Aku tak mampu berkata apapun, aku
hanya menangis dalam diam, menyesali semuanya..
Aku mencoba tegar, aku mencoba terus
untuk menutup luka ini, luka yang kau beri.
Aku mencoba bahagia dengan apa yg
aku miliki saat itu..
Aku mencoba bertahan dengan senyumanku.
Ya tuhan, jaga dia selama dia jauh
dari sisiku.
Di dalam penantianku, ada seorang
pria datang dgn membawa sejuta cinta
Aku masih ingin diam, dan diam
menunggu cintaku kembali dalam pelukku.
Namun kehadirannya membuat aku
tertawa seperti dulu, tetapi sungguh dalam hati ini masih ada nama cinta
pertamaku.
Aku hanya mampu tertawa sesaat saja,
setelah itu kembali menangis dalam diamku, dalam penantianku.
Untuk sementara waktu, sakitku
terobati oleh kehadirannya di dalam sepiku.

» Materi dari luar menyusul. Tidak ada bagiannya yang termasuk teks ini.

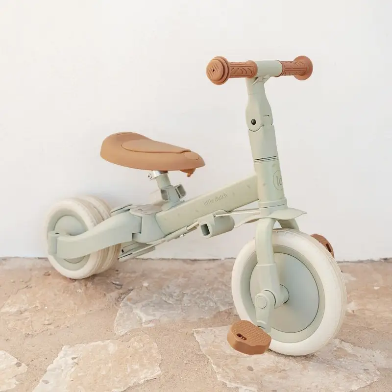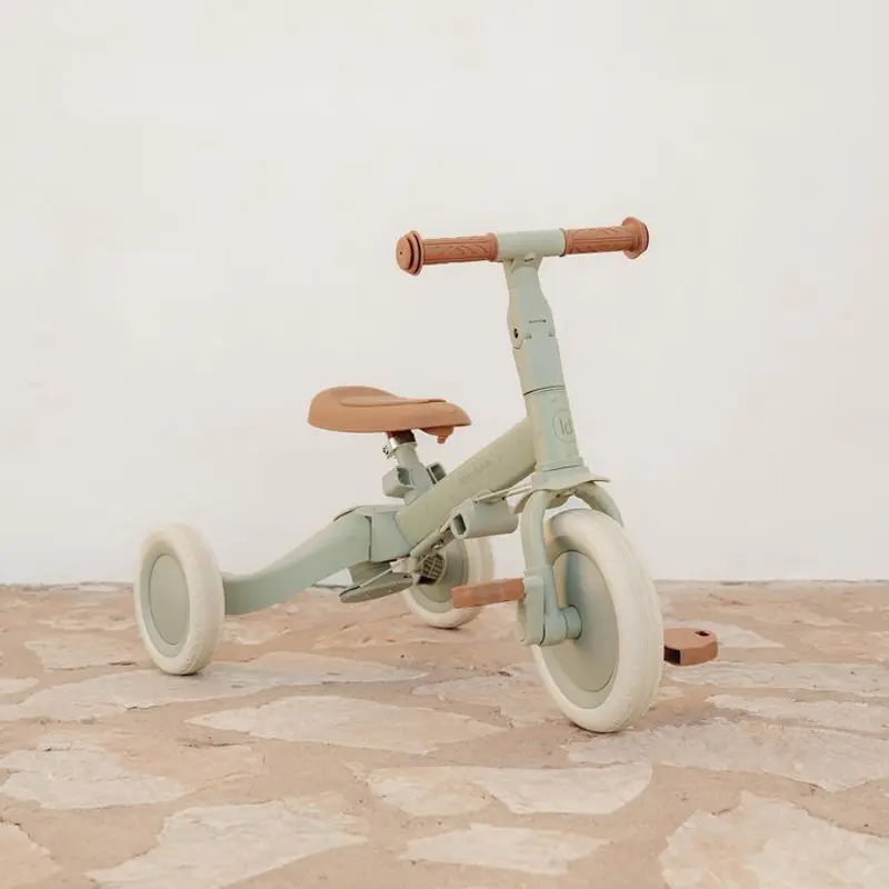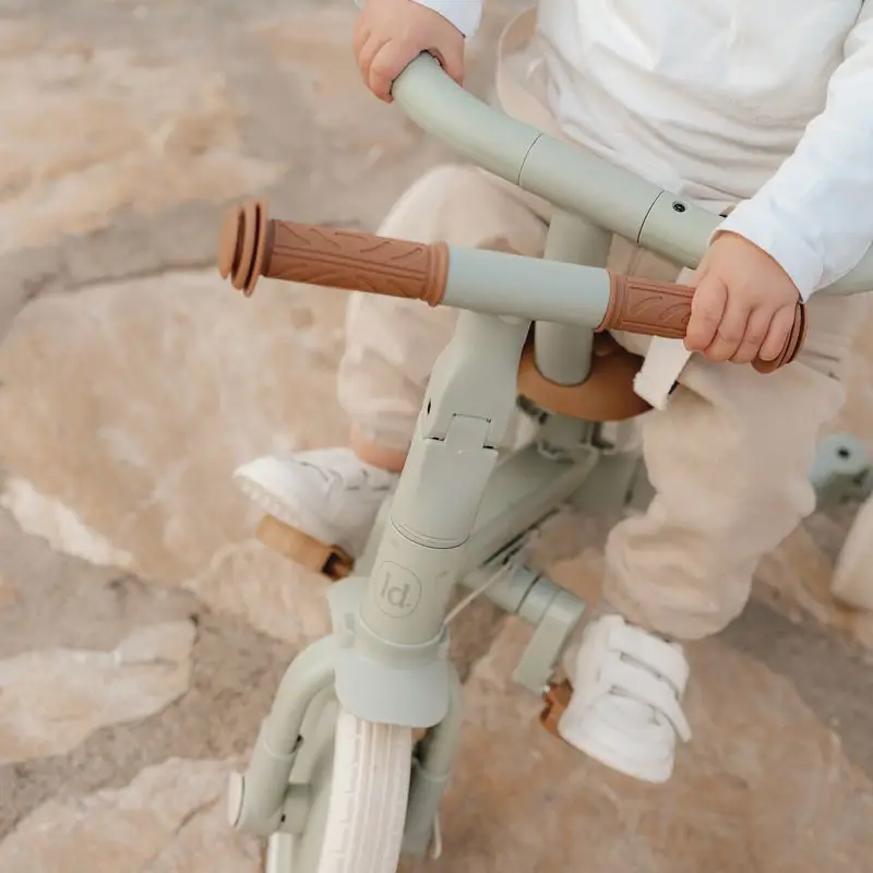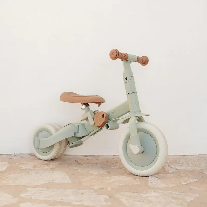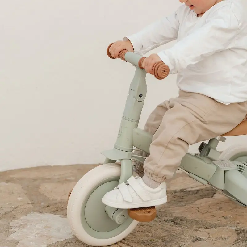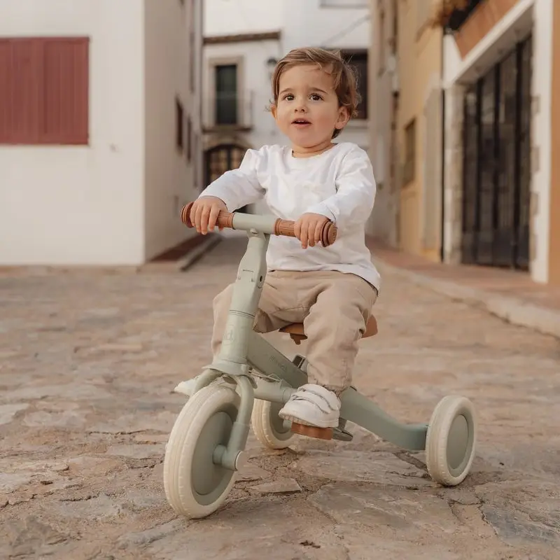 Este modelo es muy fácil de convertir de triciclo a bicicleta de equilibrio plegando ambas ruedas traseras hacia adentro. Los peques tienen que usar sus pies para avanzar y mantener el equilibrio de la bicicleta evitando caerse. Es ideal para que entrenen el equilibrio y aprendan a girar y dirigir la bici antes de iniciarse con una bicicleta de pedales. Los pedales se guardan cómodamente en el marco debajo del sillín y cuando el peque esté preparado puedes montarlos fácilmente para que empiece a usar la bicicleta con pedales.

Namun hanya sementara dan setelah
itu kami berpisah..
Tahun pun telah berganti namun
cintaku tak pernah kembali..
Aku tetap menunggu, menunggu dalam
ketidakpastian ini..
Sampai suatu hari, aku tau dia sudah
tak sendiri lagi, dia mempunyai seorang kekasih..
Aku hancuuuur saat itu..
Aku harus melihat cinta pertamaku
bersama wanitanya itu.
Aku menangis sejadi jadinya :’(
Aku terus menangis dalam diamku, aku
tak mampu lagi tersenyum saat itu..
Rasanya hatiku sangat sakit saat
itu, hatiku ada 1 dan akhirnya hancur berkeping-keping.
Tuhan, mengapa ini terjadi padaku??
Aku menutupi rapuhnya hatiku dgn
caraku sendiri.
Dan aku mencoba berpaling tapi
selalu saja gagal.
Akhirnya aku menemukan seorang pria,
yang sangat aku harapkan bisa menggantikan dia.
Namun ternyata aku salah, semua yg
aku usahakan gagal..
Entah apa yg aku rasakan saat itu,
aku galau..
Aku kecewa..
Aku harus rela DIA bersama
wanitanya…
Namun aku tak sekuat yang aku kira,
aku berharap aku mampu namun ternyata aku tak
mampu.
Aku terlalu rapuh untuk itu..
Namun aku tak putus asa, aku terus
menunggunya dan aku hanya menangis dalam diamku.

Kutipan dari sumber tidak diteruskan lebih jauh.